# WORK ITEM:
Transcribe every line below exactly; no image goes into the output.

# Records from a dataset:
--------
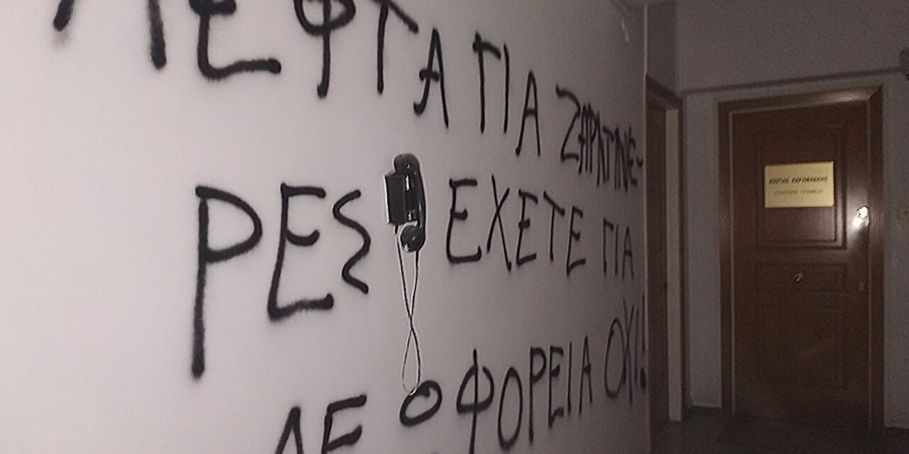 Στο πολιτικό γραφείο του υπουργού Υποδομών και Μεταφορών Κ. Καραμανλή βρέθηκε η συλλογικότητα Ρουβίκωνας πραγματοποιώντας παρέμβαση απέναντι στην υποβάθμιση και τα σχέδια «ιδιωτικοποίησης» των δημόσιων συγκοινωνιών, όπως αναφέρει.
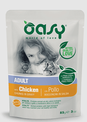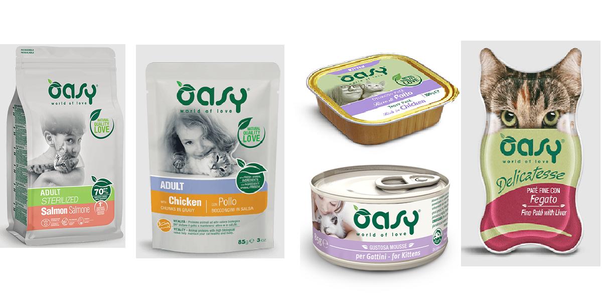 Cat foods are available for kittens, adult cats, and for seniors. Oasy offers grain free food, cat food without chicken, food for weight control, hairball formulas, and food for sterilized cats.
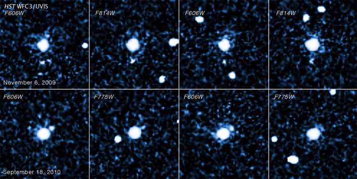 Руководствуясь этой идеей, астрономы проанализировали архивные фотографии 2007 OR10, полученные "Хабблом" и "Спитцером" за последние десять лет. К их большому удивлению, им очень быстро удалось найти луну 2007 OR10, которую можно легко увидеть на сразу нескольких снимках с "Хаббла", полученных в 2009 и 2010 годах.
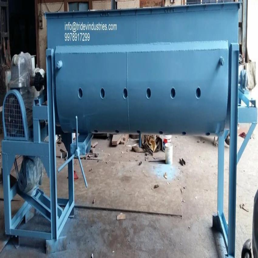 Automatic 5000 liter mild steel paddle mixer. 3-phase, 440V operation. Blue color, 12-month warranty. Made in India.
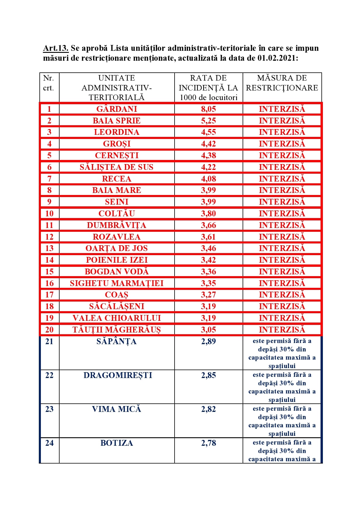 Baia Mare și alte 19 localităţi din judeţ intră în SCENARIUL ROŞU din 8 februarie
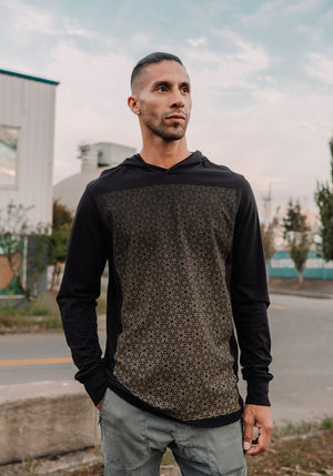 Prism Space is a repeated pattern that shifts depending how you look at it. Printed in gold ink for an iridescent, eye-catching effect.
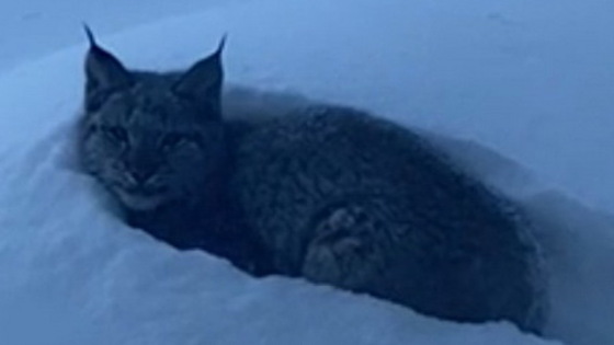 В соцсетях появилось видео, снятое семьёй из тюменского района Антипино. На кадрах хорошо видно рысь, спрятавшуюся в сугробе. После того, как люди привлекли внимание животного, оно несколько секунд смотрело в камеру, а затем решило удалиться.
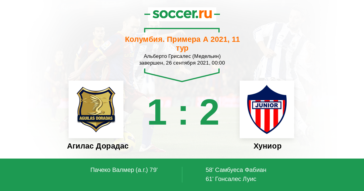 79' (1:2) Автогол Пачеко Валмер (15)
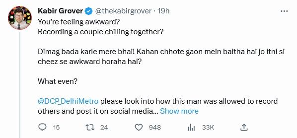 "आप ऑकवर्ड फील कर रहे हैं? इस कपल का वीडियो बनाते हुए? दिमाग बड़ा कर ले मेरे भाई. दिल्ली मेट्रो के डीसीपी, आपको देखना चाहिए कैसे इस आदमी ने दूसरों का वीडियो बनाकर सोशल मीडिया पर पोस्ट किया है."
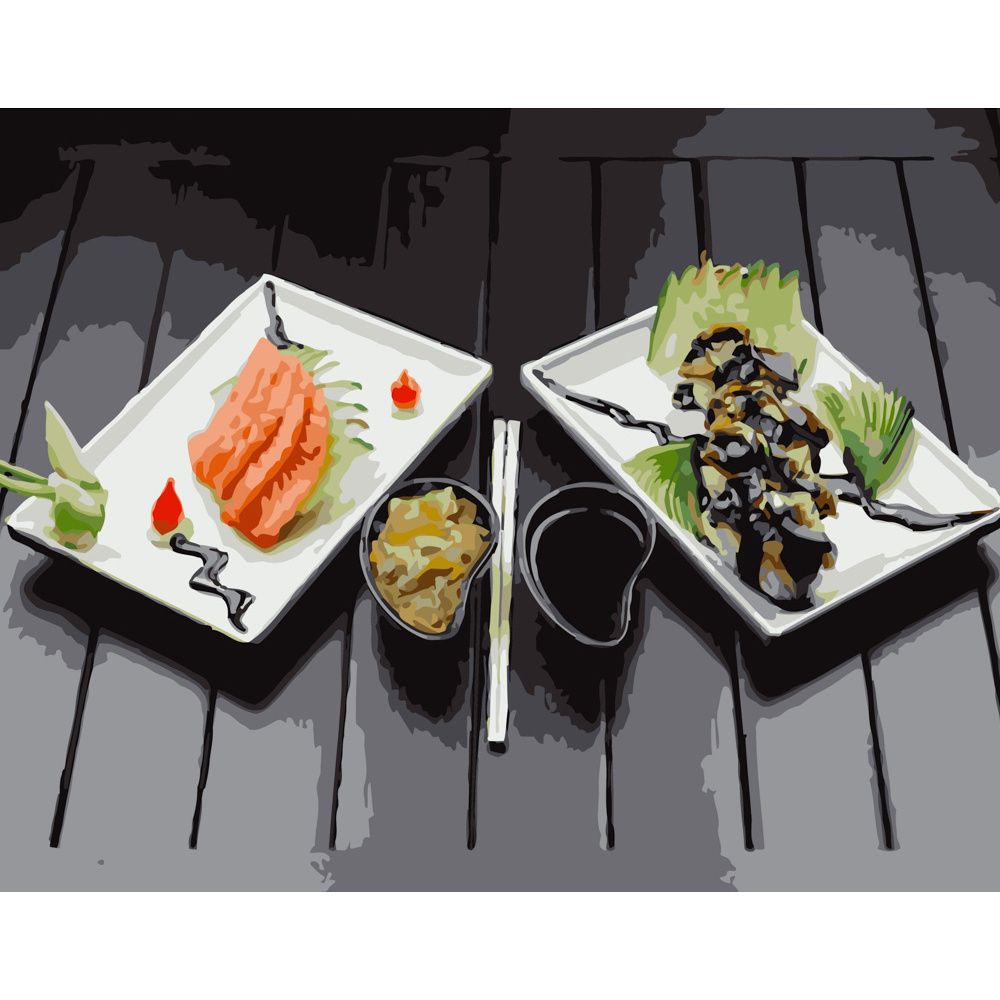 Картина за номерами Strateg ПРЕМІУМ Японські делікатеси розміром 40х50 см (GS286)
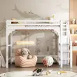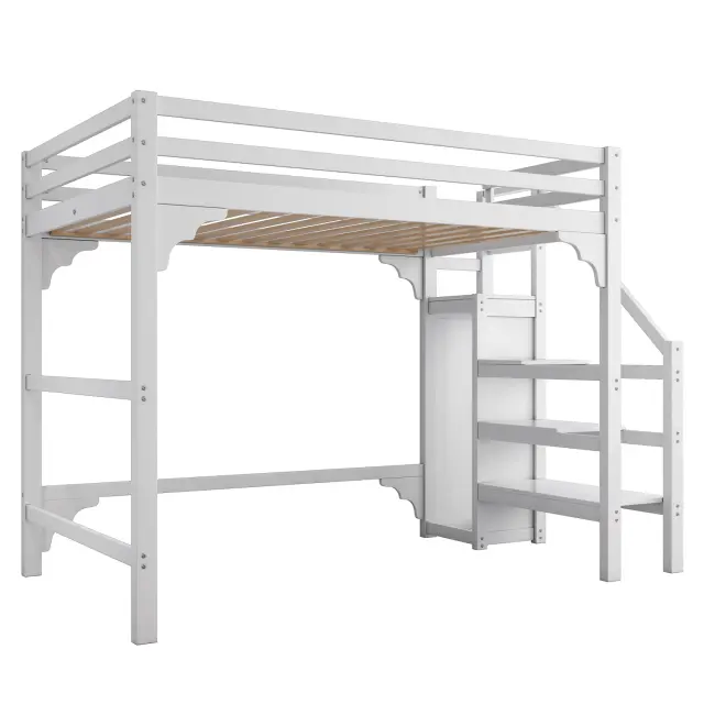 Podstrešna postelja 140x200 cm z letvenim dnom, stopnicami, omaro in prostorom za shranjevanje, bela
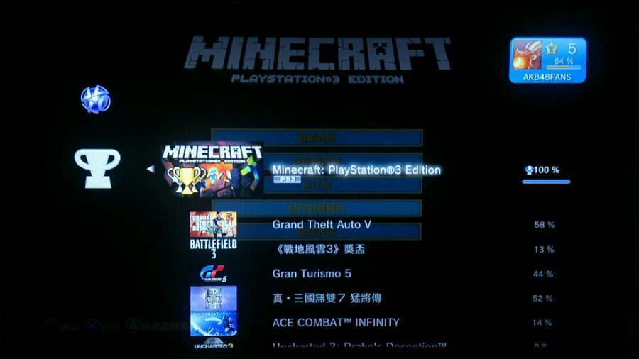今天刚刚白金,想找人联机玩,找乐趣,PSN:AKB48FANS,记得注明玩MC的
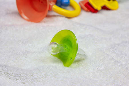 Bright green baby's dummy with child toys on white blanket background.
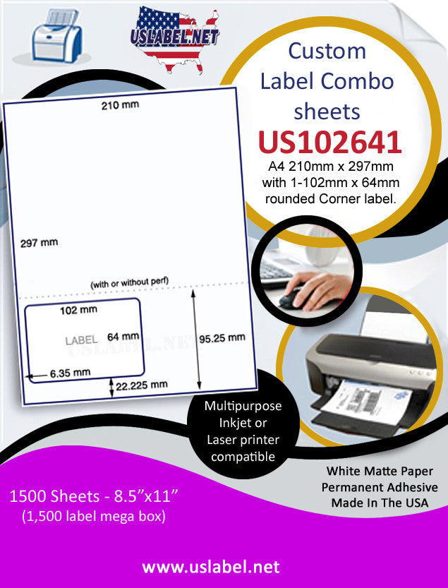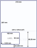 This is our European A4 Size Integrated label sheet 210mm x 297mm with 1 -102mm x 64mm rounded Corner label 6.35mm from the left and 22.225mm from bottom of the sheet.Compatible and with most laser and inkjet printers.
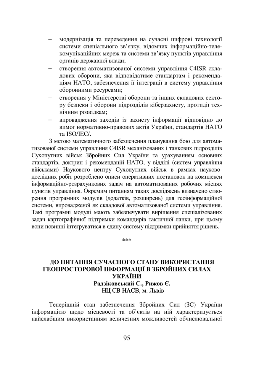 Радзіковський С. До питання сучасного стану використання геопросторової інформації в Збройних Силах України / С. Радзіковський, Є. Рижов // GEOFORUM’2019 : тези доповідей 24 Міжнародної науково-технічної конференції, 10–12 квітня 2019 року, Львів. — Львів : Видавництво Львівської політехніки, 2019. — С. 95–97.
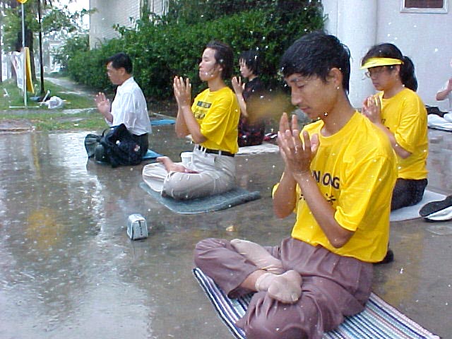 这里,白天有着接近华氏一百度的高温和骄阳,夜晚有毒蚁和蚊虫的骚扰,有时还有暴雨的袭击,但大法弟子们正念坚定,岿然不动,任凭惊雷在头顶翻滚,在暴雨中持续立掌一个多小时。这时他们只有最纯净的心态和最坚定的正念,而在另一空间,无数天神天将助阵,无比壮观,邪恶已无残喘之机。
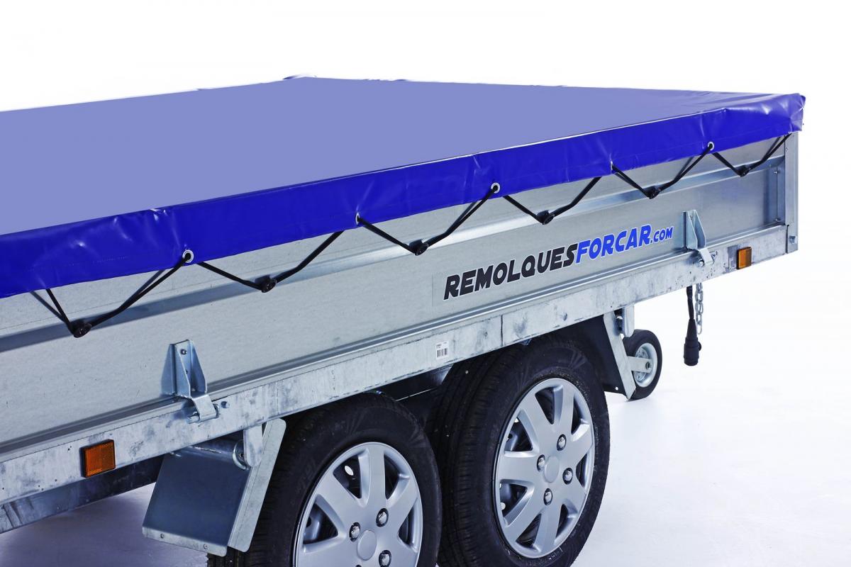 Su sujeción se realiza mediante una cuerda elástica dispuesta en todo  su perímetro a través de ojales metálicos, una vez pasada la cuerda, por cada uno de los botones que llevan los remolque en sus laterales, solo necesitarás estirar la cuerda por los dos extremos, preparados a modo de ojales, hasta dejar la lona bien ajustada, pasándolos por el botón más adecuado para que la lona quede bien tensada.
--------
# WRITTEN REPLY:
 Στο πολιτικό γραφείο του υπουργού Υποδομών και Μεταφορών Κ. Καραμανλή βρέθηκε η συλλογικότητα Ρουβίκωνας πραγματοποιώντας παρέμβαση απέναντι στην υποβάθμιση και τα σχέδια «ιδιωτικοποίησης» των δημόσιων συγκοινωνιών, όπως αναφέρει.
 Cat foods are available for kittens, adult cats, and for seniors. Oasy offers grain free food, cat food without chicken, food for weight control, hairball formulas, and food for sterilized cats.
 Руководствуясь этой идеей, астрономы проанализировали архивные фотографии 2007 OR10, полученные "Хабблом" и "Спитцером" за последние десять лет. К их большому удивлению, им очень быстро удалось найти луну 2007 OR10, которую можно легко увидеть на сразу нескольких снимках с "Хаббла", полученных в 2009 и 2010 годах.
 Automatic 5000 liter mild steel paddle mixer. 3-phase, 440V operation. Blue color, 12-month warranty. Made in India.
 Baia Mare și alte 19 localităţi din judeţ intră în SCENARIUL ROŞU din 8 februarie
 Prism Space is a repeated pattern that shifts depending how you look at it. Printed in gold ink for an iridescent, eye-catching effect.
 В соцсетях появилось видео, снятое семьёй из тюменского района Антипино. На кадрах хорошо видно рысь, спрятавшуюся в сугробе. После того, как люди привлекли внимание животного, оно несколько секунд смотрело в камеру, а затем решило удалиться.
 79' (1:2) Автогол Пачеко Валмер (15)
 "आप ऑकवर्ड फील कर रहे हैं? इस कपल का वीडियो बनाते हुए? दिमाग बड़ा कर ले मेरे भाई. दिल्ली मेट्रो के डीसीपी, आपको देखना चाहिए कैसे इस आदमी ने दूसरों का वीडियो बनाकर सोशल मीडिया पर पोस्ट किया है."
 Картина за номерами Strateg ПРЕМІУМ Японські делікатеси розміром 40х50 см (GS286)
 Podstrešna postelja 140x200 cm z letvenim dnom, stopnicami, omaro in prostorom za shranjevanje, bela
今天刚刚白金,想找人联机玩,找乐趣,PSN:AKB48FANS,记得注明玩MC的
 Bright green baby's dummy with child toys on white blanket background.
 This is our European A4 Size Integrated label sheet 210mm x 297mm with 1 -102mm x 64mm rounded Corner label 6.35mm from the left and 22.225mm from bottom of the sheet.Compatible and with most laser and inkjet printers.
 Радзіковський С. До питання сучасного стану використання геопросторової інформації в Збройних Силах України / С. Радзіковський, Є. Рижов // GEOFORUM’2019 : тези доповідей 24 Міжнародної науково-технічної конференції, 10–12 квітня 2019 року, Львів. — Львів : Видавництво Львівської політехніки, 2019. — С. 95–97.
 这里,白天有着接近华氏一百度的高温和骄阳,夜晚有毒蚁和蚊虫的骚扰,有时还有暴雨的袭击,但大法弟子们正念坚定,岿然不动,任凭惊雷在头顶翻滚,在暴雨中持续立掌一个多小时。这时他们只有最纯净的心态和最坚定的正念,而在另一空间,无数天神天将助阵,无比壮观,邪恶已无残喘之机。
 Su sujeción se realiza mediante una cuerda elástica dispuesta en todo  su perímetro a través de ojales metálicos, una vez pasada la cuerda, por cada uno de los botones que llevan los remolque en sus laterales, solo necesitarás estirar la cuerda por los dos extremos, preparados a modo de ojales, hasta dejar la lona bien ajustada, pasándolos por el botón más adecuado para que la lona quede bien tensada.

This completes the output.